Firefighters and hospitals continued to work against the odds. Officials made records, collated statistics, issued orders. The hard core of a militarised and police state pulled ever tighter around itself and over its exhausted citizens.

The air campaign was repeated across Japan over the ensuing weeks. Sixty-six urban centres were pulverised, at huge cost to lives and infrastructure. Each city, every neighbourhood, was afflicted from on high in its own way.

Military options narrowed to last-ditch homeland defence, diplomatic ones to the desperate search for an exit short of absolute defeat, human ones to survival.

Then, the double use of a “new and most cruel bomb” in early August led to political crisis and surrender from on high. Eight years of war were over. Japan entered the unknown.

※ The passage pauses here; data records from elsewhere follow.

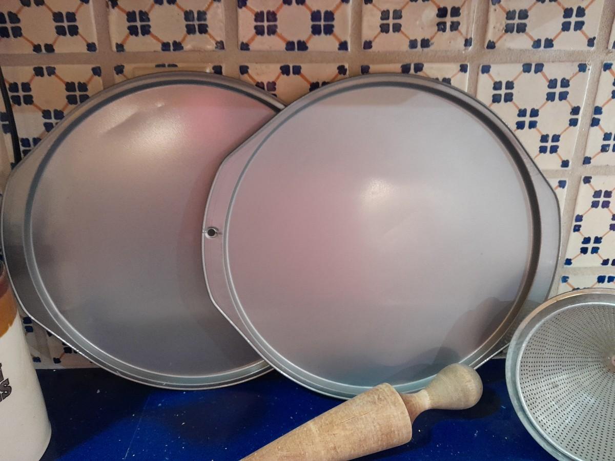 LOT 131 PIZZA PANS, COOKIE SHEET, STRAINER AND MORE
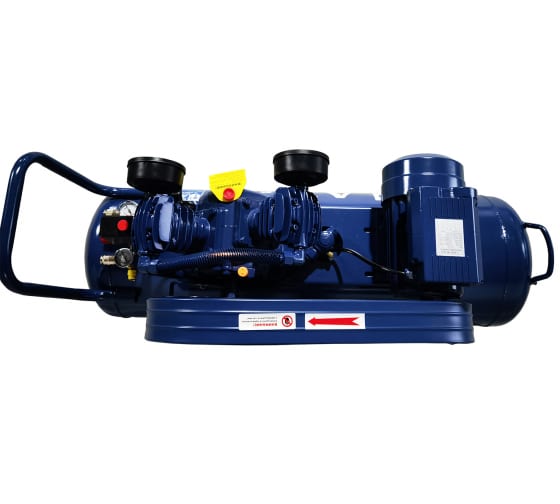 Компрессор оборудован ручкой и прочными резиновыми колесами, что облегчает процесс его транспортировки по рабочей площадке. Наличие двух манометров позволяет отслеживать давление в системе компрессор-инструмент для каждого пневмоинструмента в отдельности.
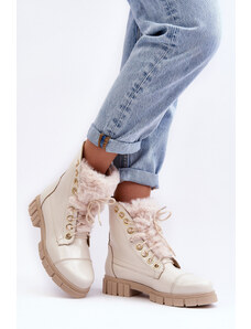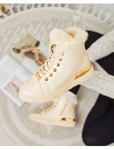 Boto Kožené dámske kožené topánky s jasnou béžovou kožušinou 3296
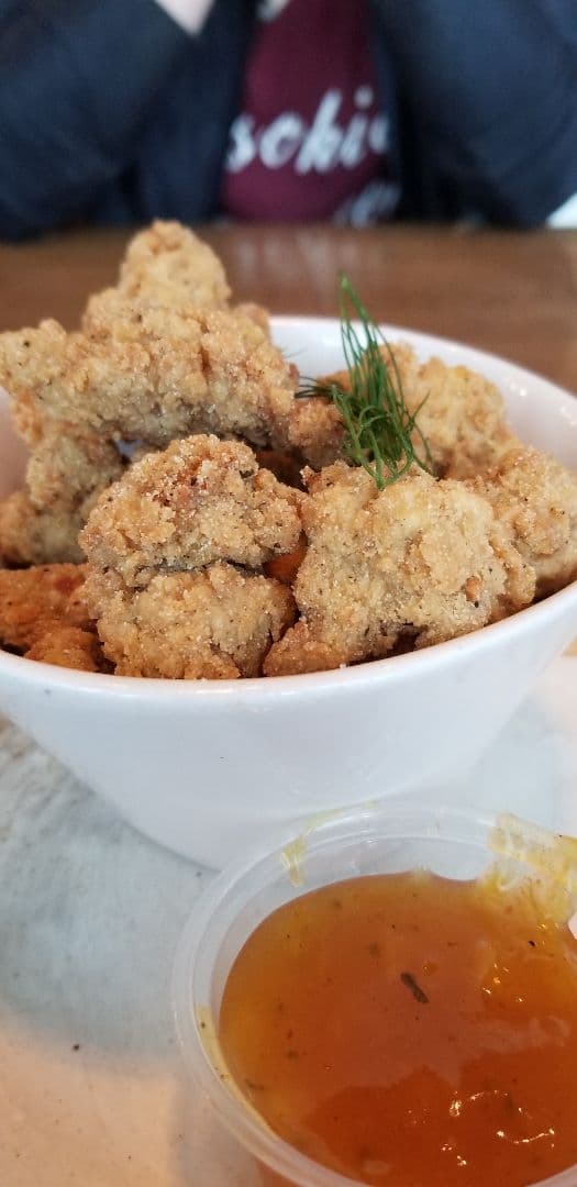 Interesting dish. Good spicy sauce. Never had real popcorn chicken before so it was novel for me.
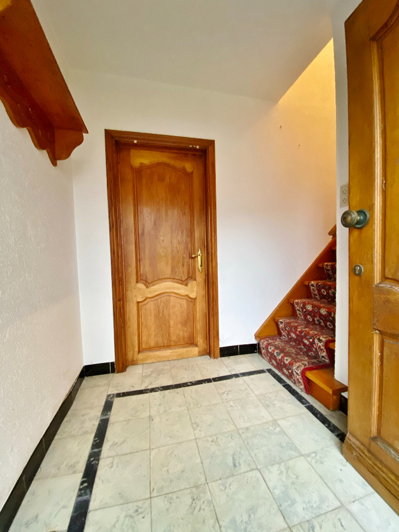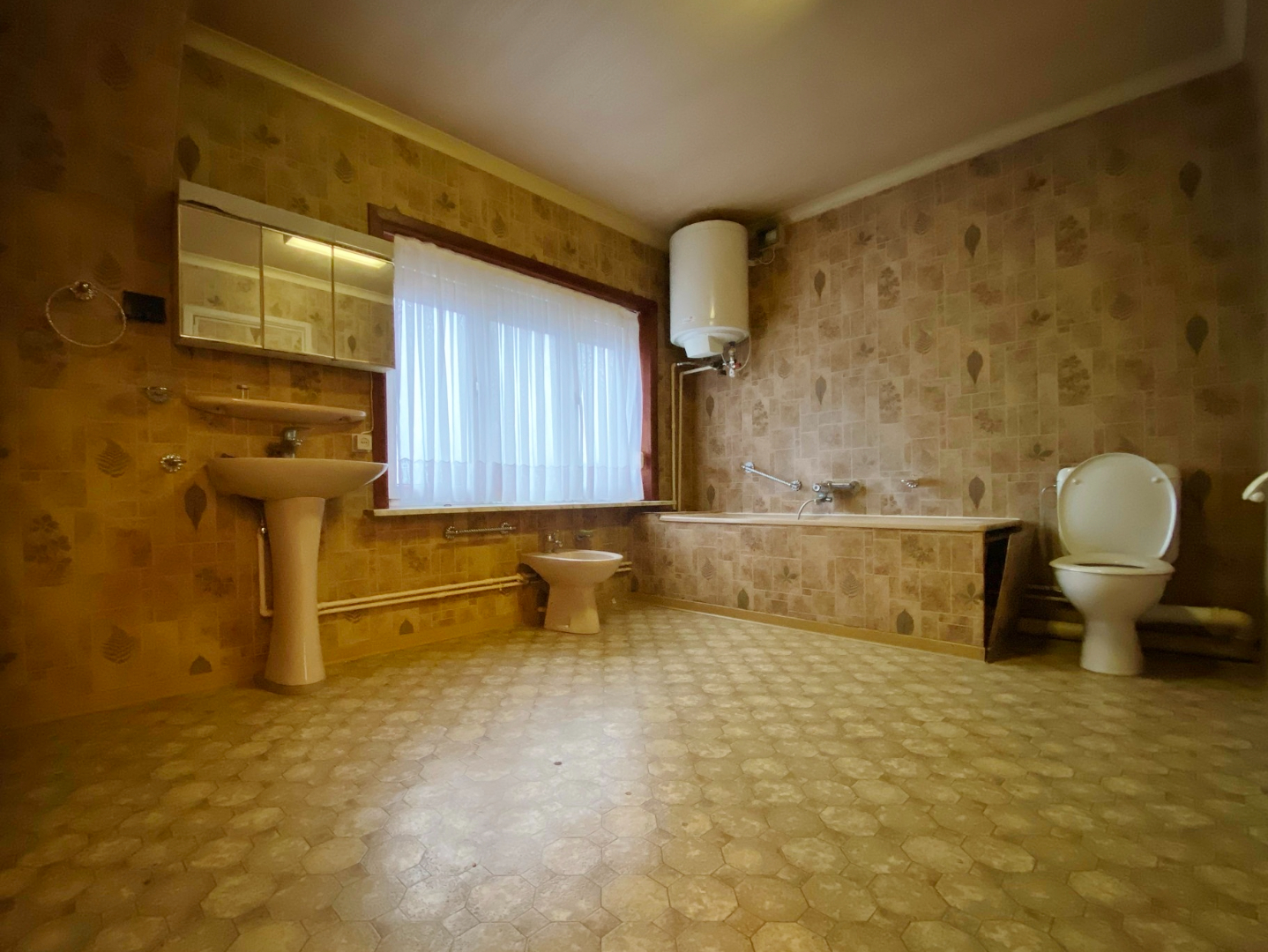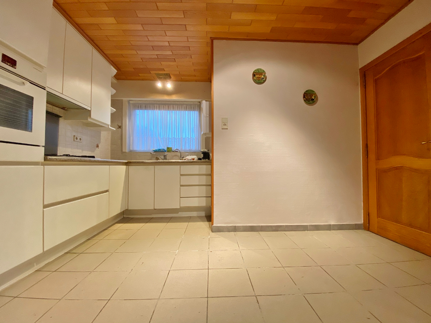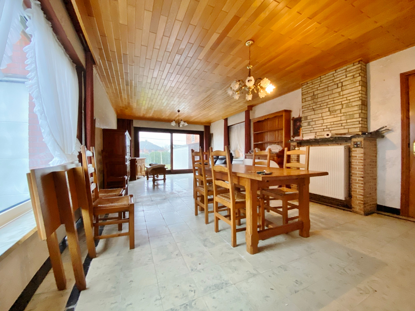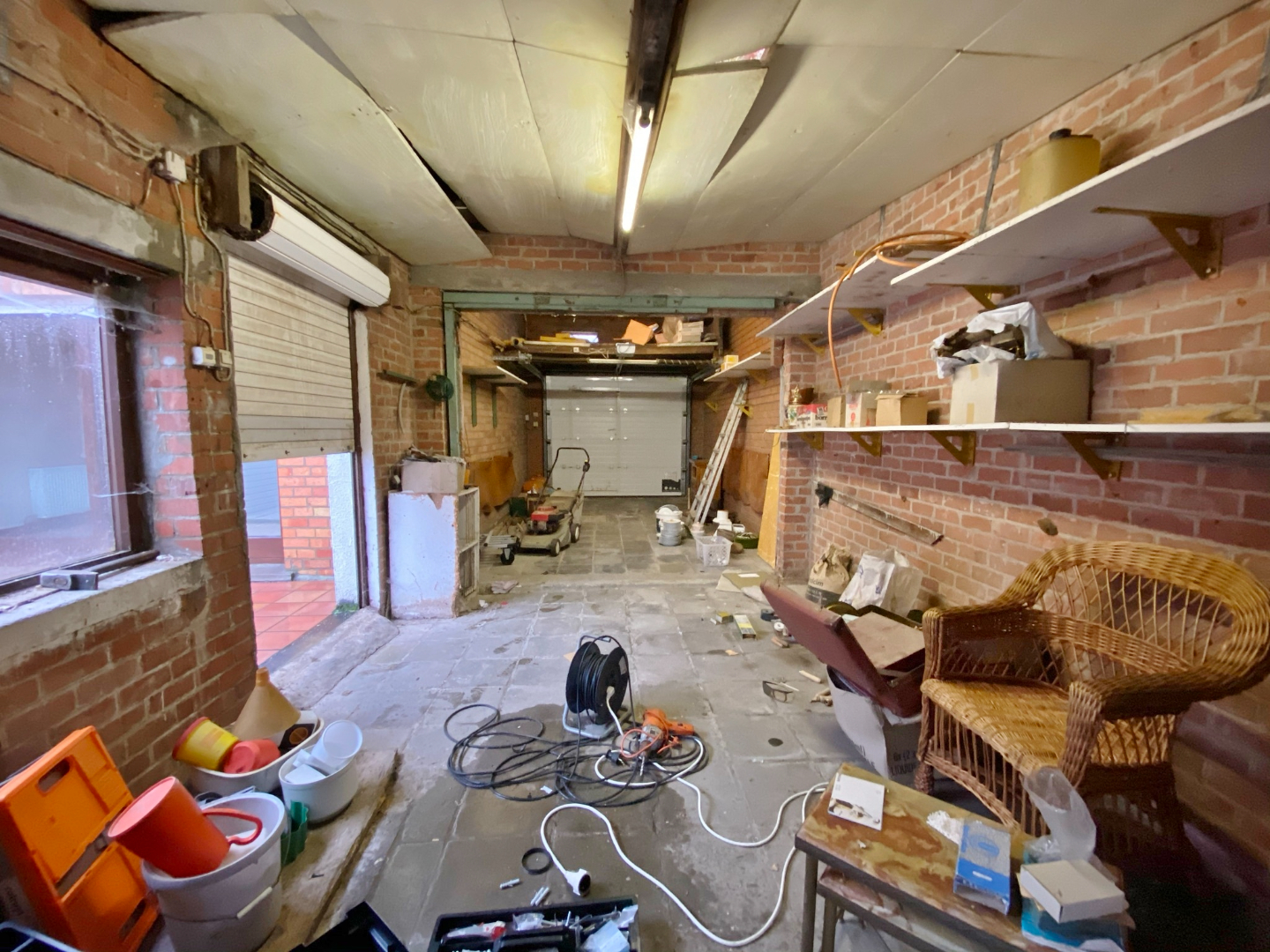 Deze woning is gelegen op een perceel van 594 m² en omvat een gelijkvloerse verdieping met inkom, ruime lichtrijke leefruimte, ingerichte keuken, wasplaats, bergruimte en een slaapkamer. Op het eerste verdiep zijn 2 ruime slaapkamers en een badkamer met ligbad, lavabo, toilet, bidet en dressingruimte. Er is tevens een zolder bereikbaar via plooitrap. Buiten is een volledig afgesloten zonnige tuin met buitenberging en toegang tot ruime garage (plaats voor 2 wagens) Voor de woning zijn ook een ruime oprit en voortuin.

What happened in Tokyo took its place among the many horrors of those years across the world. But where was that place? The short answer is, elusive at best.

Inevitably, the brute realities of the war’s outcome imposed a taxonomy of suffering that would shape perceptions of the global conflict for years to come.

The millions of dead Japanese and German civilians, including tens of thousands who in the immediate postwar period were slaughtered in or expelled from lands their armies had conquered, featured hardly at all.

In the convulsive era of occupation, cold war, and recovery after 1945, both winners and losers had a lot on their minds. 

Japanese and Germans gradually negotiated their way towards admission to the new order. There was little moralism and a lot of rationalisation.

Most, consumed by the business of living, deferred a backward look. Memories were buried, discarded, revised, sentimentalised, privatised.

And in circumstances of dependency and political constraint, much was either off limits or already taken care of.

By the time the covers began to lift, and people could in principle think and speak more freely, many routes to the past were overgrown.

Tokyo boomed and bloomed. But the catastrophe that had visited the city in March 1945 remained largely out of sight. Indeed, each addition to the skyline made it more remote.

When the Olympic Games in 1964 marked new Japan’s opening to the world, Tokyo celebrated its ability to rise from the depths.

It was a way to enfold the century’s two colossal disasters, the “great Kanto earthquake” (Kanto daishinsai) of September 1923, whose toll was also well over 100,000, being the first.

The link was real: in each case, incineration had consumed the wooden shacks of the working class “low city” (shitamachi) between the Sumida and Arakawa rivers.

There were other reasons for relative silence. The firebombing, though devastating, was a late episode in the war yet several months from its end.

August’s climactic events would deliver to Hiroshima and Nagasaki an unwanted, existential status as both “victim” and “peace” cities.

Tokyo escaped that fate and the dilemmas it entails. The calamity and its dead, however, were left in the margins of remembrance.

In the atomic cities, Hiroshima especially (Nagasaki had more going for it), politicised memory was an unavoidable drag.

But there was a certain convenience for Japan’s elite that the main symbol of national suffering, and site of pietistic peace pilgrimage, was far from the capital.

Sustained memorialisation of Tokyo’s experience of war might invite unwelcome questions, not least about Japan’s own aerial assaults, from Chongqing in 1938–43 to the late madness of suicide planes. Better let tortured souls lie.